▸ Information
═══
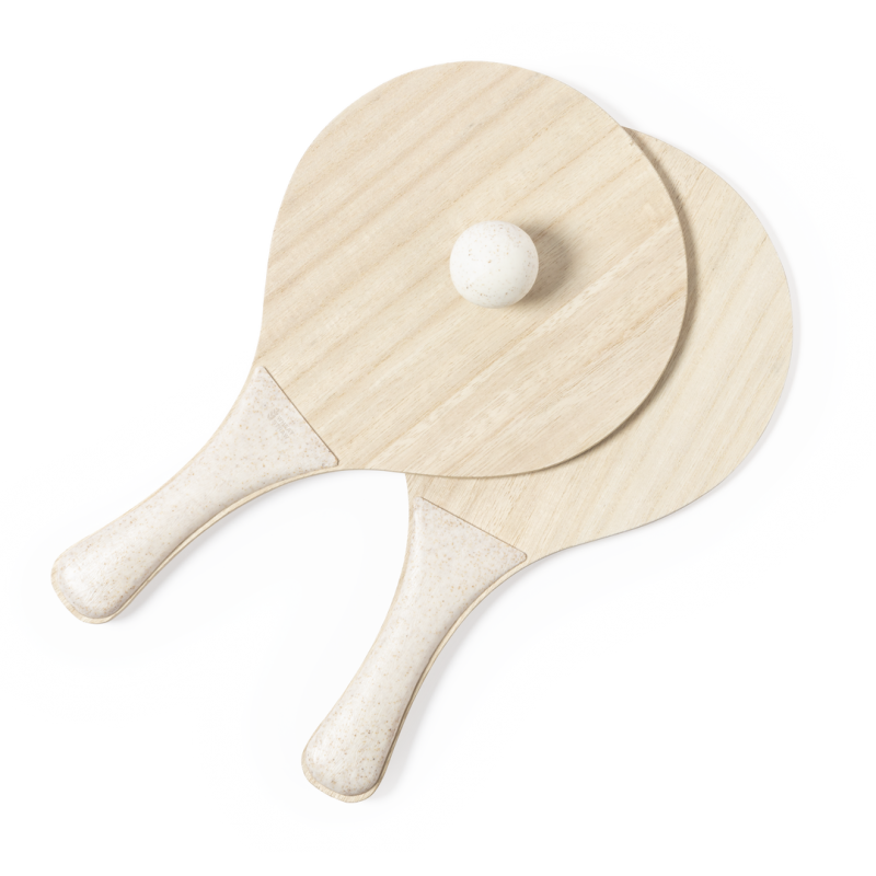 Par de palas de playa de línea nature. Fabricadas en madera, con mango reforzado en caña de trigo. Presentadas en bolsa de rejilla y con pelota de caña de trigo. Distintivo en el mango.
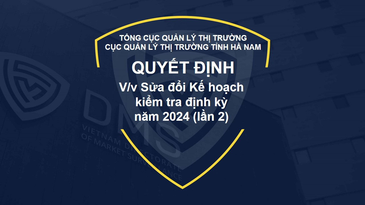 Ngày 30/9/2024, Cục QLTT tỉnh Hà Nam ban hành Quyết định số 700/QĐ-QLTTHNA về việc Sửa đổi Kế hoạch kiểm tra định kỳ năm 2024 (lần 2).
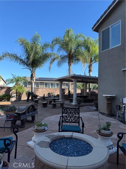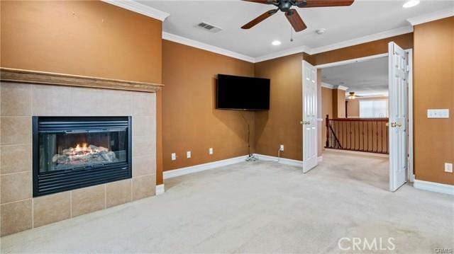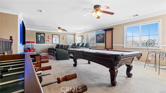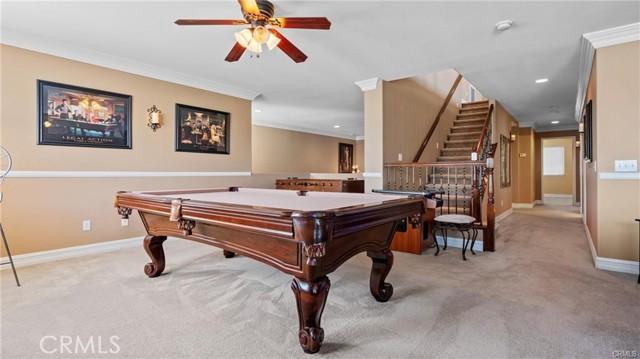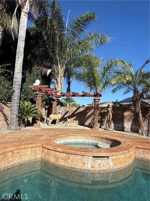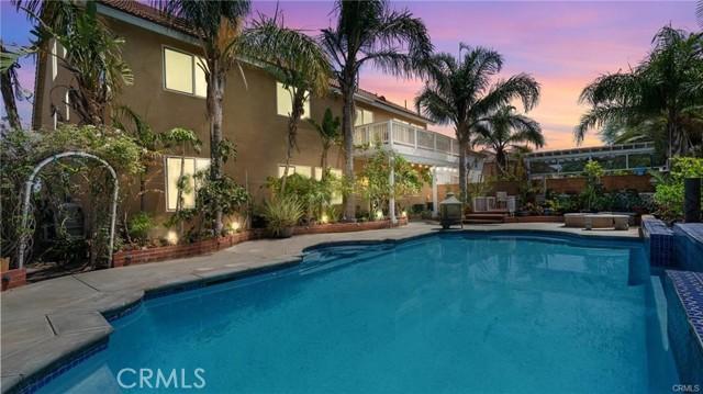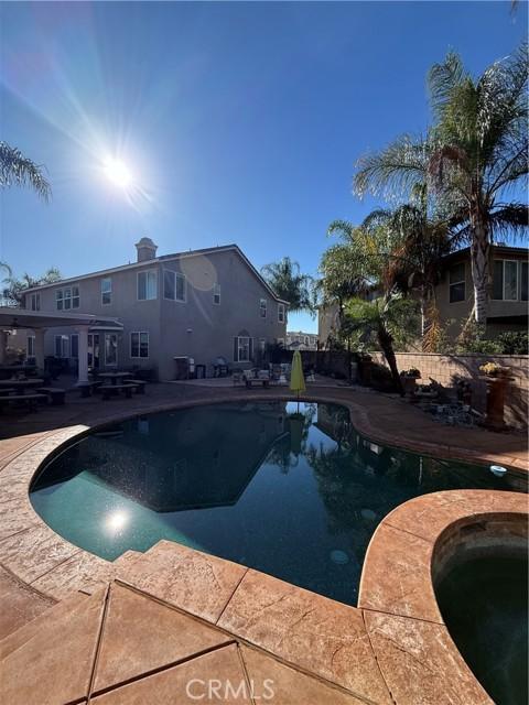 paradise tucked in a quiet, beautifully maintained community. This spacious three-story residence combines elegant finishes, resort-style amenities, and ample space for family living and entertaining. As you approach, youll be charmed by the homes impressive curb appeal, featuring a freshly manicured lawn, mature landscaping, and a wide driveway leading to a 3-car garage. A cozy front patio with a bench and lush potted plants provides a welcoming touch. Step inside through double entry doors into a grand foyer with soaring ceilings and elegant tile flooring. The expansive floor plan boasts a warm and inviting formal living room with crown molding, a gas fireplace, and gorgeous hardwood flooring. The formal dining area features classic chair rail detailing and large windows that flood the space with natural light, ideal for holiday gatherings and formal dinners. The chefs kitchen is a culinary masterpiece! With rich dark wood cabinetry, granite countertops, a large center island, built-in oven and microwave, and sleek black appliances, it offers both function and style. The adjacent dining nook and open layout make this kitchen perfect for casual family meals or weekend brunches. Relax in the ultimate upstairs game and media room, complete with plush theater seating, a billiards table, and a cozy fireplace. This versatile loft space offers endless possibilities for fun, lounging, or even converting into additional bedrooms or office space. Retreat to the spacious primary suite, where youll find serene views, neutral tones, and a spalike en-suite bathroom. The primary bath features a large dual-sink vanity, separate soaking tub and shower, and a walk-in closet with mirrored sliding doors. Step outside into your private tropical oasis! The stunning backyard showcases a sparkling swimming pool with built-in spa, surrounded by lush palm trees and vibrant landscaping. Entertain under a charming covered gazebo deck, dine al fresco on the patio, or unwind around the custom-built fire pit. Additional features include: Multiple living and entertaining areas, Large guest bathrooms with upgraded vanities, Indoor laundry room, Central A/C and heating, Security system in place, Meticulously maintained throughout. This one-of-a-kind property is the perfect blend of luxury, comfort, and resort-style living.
═══
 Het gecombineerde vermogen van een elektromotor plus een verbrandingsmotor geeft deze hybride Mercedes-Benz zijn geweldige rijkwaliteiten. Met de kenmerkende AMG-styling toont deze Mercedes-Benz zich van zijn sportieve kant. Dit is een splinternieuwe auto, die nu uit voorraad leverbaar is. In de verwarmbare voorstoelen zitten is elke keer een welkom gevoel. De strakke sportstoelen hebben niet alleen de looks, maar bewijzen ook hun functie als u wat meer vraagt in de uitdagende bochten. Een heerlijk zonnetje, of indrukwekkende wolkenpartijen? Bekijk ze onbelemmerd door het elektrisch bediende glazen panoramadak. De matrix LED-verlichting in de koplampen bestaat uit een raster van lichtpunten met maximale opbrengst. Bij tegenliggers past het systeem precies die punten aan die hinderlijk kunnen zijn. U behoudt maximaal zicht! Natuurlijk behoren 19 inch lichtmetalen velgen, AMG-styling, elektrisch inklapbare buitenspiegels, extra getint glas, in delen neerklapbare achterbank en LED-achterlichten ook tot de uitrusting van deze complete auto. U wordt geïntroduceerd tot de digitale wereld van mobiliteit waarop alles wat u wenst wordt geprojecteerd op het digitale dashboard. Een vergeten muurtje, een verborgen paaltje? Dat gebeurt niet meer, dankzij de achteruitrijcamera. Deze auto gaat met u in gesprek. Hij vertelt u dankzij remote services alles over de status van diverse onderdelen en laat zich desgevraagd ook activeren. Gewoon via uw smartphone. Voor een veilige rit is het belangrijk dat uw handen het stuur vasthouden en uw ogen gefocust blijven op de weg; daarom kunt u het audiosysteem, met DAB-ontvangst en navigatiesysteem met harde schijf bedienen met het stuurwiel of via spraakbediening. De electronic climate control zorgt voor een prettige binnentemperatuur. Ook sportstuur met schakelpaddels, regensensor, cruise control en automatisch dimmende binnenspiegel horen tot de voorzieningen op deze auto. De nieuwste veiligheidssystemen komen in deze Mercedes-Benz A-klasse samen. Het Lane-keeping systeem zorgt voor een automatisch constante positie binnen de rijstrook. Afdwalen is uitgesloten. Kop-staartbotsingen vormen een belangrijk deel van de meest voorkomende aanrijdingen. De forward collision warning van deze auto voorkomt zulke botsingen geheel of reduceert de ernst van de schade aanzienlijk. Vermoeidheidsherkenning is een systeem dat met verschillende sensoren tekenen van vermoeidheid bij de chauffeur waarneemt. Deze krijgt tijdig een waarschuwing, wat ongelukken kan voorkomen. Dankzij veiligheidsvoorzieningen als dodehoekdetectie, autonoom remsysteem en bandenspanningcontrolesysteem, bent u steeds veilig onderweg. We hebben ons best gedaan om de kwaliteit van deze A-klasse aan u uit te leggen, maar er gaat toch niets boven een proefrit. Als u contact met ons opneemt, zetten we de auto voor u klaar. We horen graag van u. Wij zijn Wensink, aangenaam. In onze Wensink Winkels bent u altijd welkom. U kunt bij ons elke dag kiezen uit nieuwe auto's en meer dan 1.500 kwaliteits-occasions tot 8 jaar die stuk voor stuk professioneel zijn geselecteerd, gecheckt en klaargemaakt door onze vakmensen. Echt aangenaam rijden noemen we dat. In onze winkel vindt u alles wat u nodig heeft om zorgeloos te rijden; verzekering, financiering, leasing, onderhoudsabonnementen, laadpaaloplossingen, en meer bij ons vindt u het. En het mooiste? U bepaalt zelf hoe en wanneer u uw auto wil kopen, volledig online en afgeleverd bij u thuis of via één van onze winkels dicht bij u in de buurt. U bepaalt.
═══
▸ Aim of the task
Look above for the line with "Par de palas"; quote it and every line after it, stopping after the line with "Ngày 30/9/2024, Cục", exactly, with nothing added and without pictures.

▸ Your solution
 Par de palas de playa de línea nature. Fabricadas en madera, con mango reforzado en caña de trigo. Presentadas en bolsa de rejilla y con pelota de caña de trigo. Distintivo en el mango.
 Ngày 30/9/2024, Cục QLTT tỉnh Hà Nam ban hành Quyết định số 700/QĐ-QLTTHNA về việc Sửa đổi Kế hoạch kiểm tra định kỳ năm 2024 (lần 2).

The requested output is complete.